We may disclose information if we believe in good faith it is required to comply with a legal obligation, to enforce our Terms, to protect the rights, property, or safety of Execify, our users, or the public, or to detect and prevent fraud or security incidents.

Business transfers

If Execify is involved in a merger, acquisition, or asset sale, your information may be transferred as part of that transaction. We will give you notice before your information becomes subject to a different privacy policy.

6. Data Retention

We keep message content and classification history for as long as your account is active or as needed to provide the Service. You can request deletion at any time. When you delete your account or disconnect a mailbox, we delete the associated message content within 30 days, except for records we are required to keep for legal, security, or auditing purposes.

7. Security

We protect your data with industry-standard measures: TLS for data in transit, encryption at rest for OAuth tokens, scoped database access, signed webhook payloads, and standard infrastructure hardening. No system is perfectly secure, however, and we cannot guarantee absolute security.

8. Your Rights

Depending on where you live, you may have rights under privacy laws such as Québec's Law 25, Canada's PIPEDA, the EU/UK GDPR, or the California CCPA — including rights to access, correct, delete, export, or restrict our processing of your personal data, and to withdraw consent. To exercise any of these rights, email [email protected]; we will respond within the time required by applicable law.

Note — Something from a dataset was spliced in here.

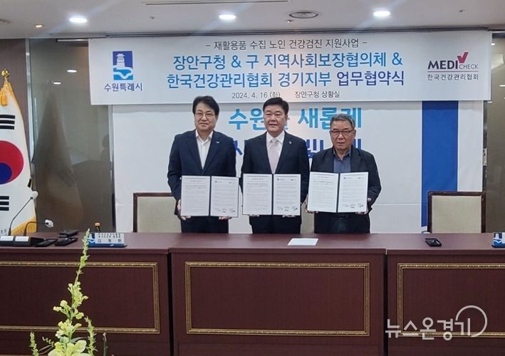 뉴스온경기 | 수원시 장안구는 지난 16일, 장안구 지역사회보장협의체, 한국건강관리협회 경기도지부와 ‘장안구 재활용품 수집 노인 건강검진’을 위한 업무협약을 체결했다.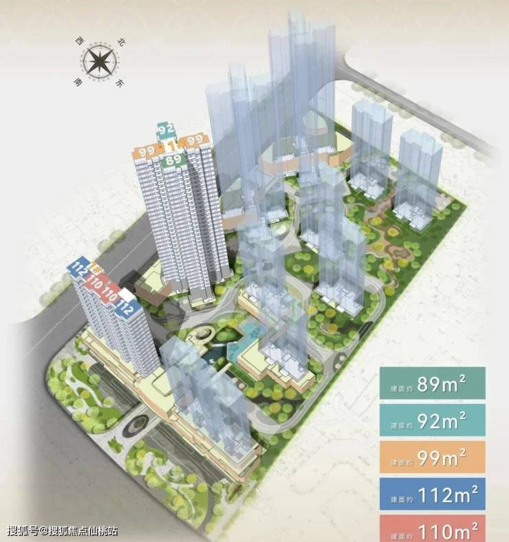 产品方面做的是低密度板楼和塔楼,建面约89-98㎡全南向私密塔楼、建面约109-122㎡小高层纯南专梯专户板楼,新规进阶产品,高使用率。

9. International Data Transfers

Execify is operated from Canada and our service providers may process data in Canada, the United States, and the European Union. By using the Service you acknowledge that your information may be transferred to and processed in countries other than the one in which you reside.

10. Children

Execify is not directed to children under 16, and we do not knowingly collect personal information from children under 16. If you believe we have, please contact us and we will delete the information.

11. Changes to this Policy

We may update this Privacy Policy from time to time. If we make a material change we will give you notice (for example, by email or by a notice in the Service) before the change takes effect. The "effective date" at the top of this page indicates when this version was published.

12. Contact

Questions, complaints, or requests under this Policy can be sent to [email protected].